Just as a quick intro, this YAML library includes a binding to libyaml and converts the result to be a Data.Object.Object. The problem with this approach is that, anytime you read the file, it reads and stores the entire contents in memory, even if you only need to collect, say, the names of the entries.
A simple solution
A fairly simple solution to this problem is to run a program to split the single large YAML files into different views. For example, one file for each entry, and then a separate file with the list of all entries. This is most likely something I will want to do regardless, since it will reduce disk read times. Nonetheless, the library should be made more efficient.
In order to test things out, I decided to go for a ridiculously simple benchmark: count how many entries are in my YAML file. You can download the sample file here.
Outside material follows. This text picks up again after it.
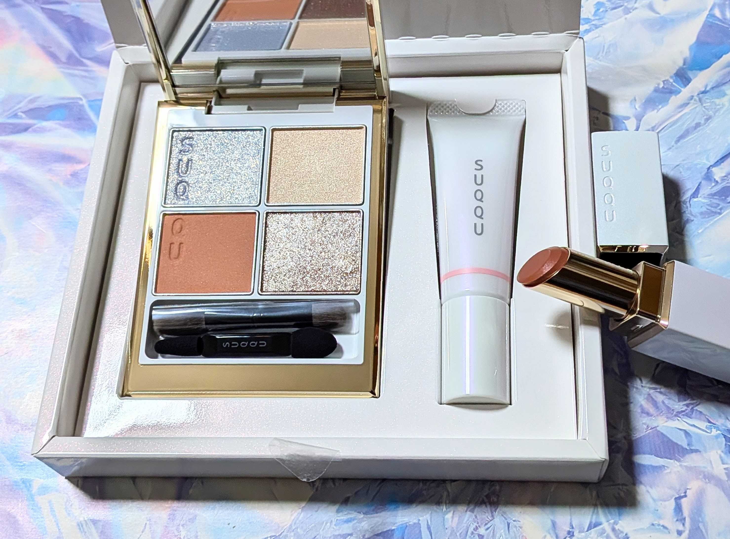3連休中に当選したSUQQUのクリスマスコフレを引き取りに行った。本当はもっと遅い日程で行くつもりだった。クリスマスコフレや限定品の販売直後は、こちらは凄~く混むのは有名だから。でも、運悪く(?)この3連休中に、引き取りに行く百貨店でポイントUPのキャンペーンを開催していて。どうせ同じ金額を支払うなら、ポイント倍増の方がいいな、と思ってしまったのだ。これがもう大失敗。仕事が終わってから向かったのだが、整理券を受け取ってから1時間も待ったのだ。仕事も忙しかったし、もう疲労困憊。せっかくのクリスマスコフレはもっと優雅な気持ちでお迎えに行かなくては。反省しきりだ。でも、美しいクリスマスコフレはホリデー気分を盛り上げてくれる。私がライブショッピングで気に入ったのはこちら。オレンジ×シルバーの光飾。もう1つの舜華の方が人気が高いのだが、可憐なピンク系で私にはちょっと可愛すぎる。そして既存色のリップの陽風に、限定の白のリップケース。とても楽しみにしていたクリスマスコフレ。しばらくは使えなくて、眺めてほーっとするだろう。いつもときめくコスメを作って頂いて感謝だ。にほんブログ村

The main issue I'm interested in here is memory, not processing, so I will only mention those results. In particular, I consider the most important number total memory in use as reported by "+RTS -sstderr". If someone know a reason to trust another number instead, please let me know.
The original version of the library ended up using 7MB of memory. Considering the fact that the entire YAML file is only 200KB, there's a lot of fat to trim.
The main issue, however, is the fact that I'm reading the entire file into memory. Let's see how to address that.
I at first considered using unsafeInterleaveIO to get out of this predicament. The library produced a list of events ([Event]). However, I had plenty of reasons to avoid this:
- I'm calling out to a C library, which made things very hairy. There were all kinds of resource management issues to beware of.
- Any step along the way could have generated a failure from the C library, and I didn't want those popping up in pure code. I could have changed the type to [Either YamlException Event], but it seemed like an uphill battle.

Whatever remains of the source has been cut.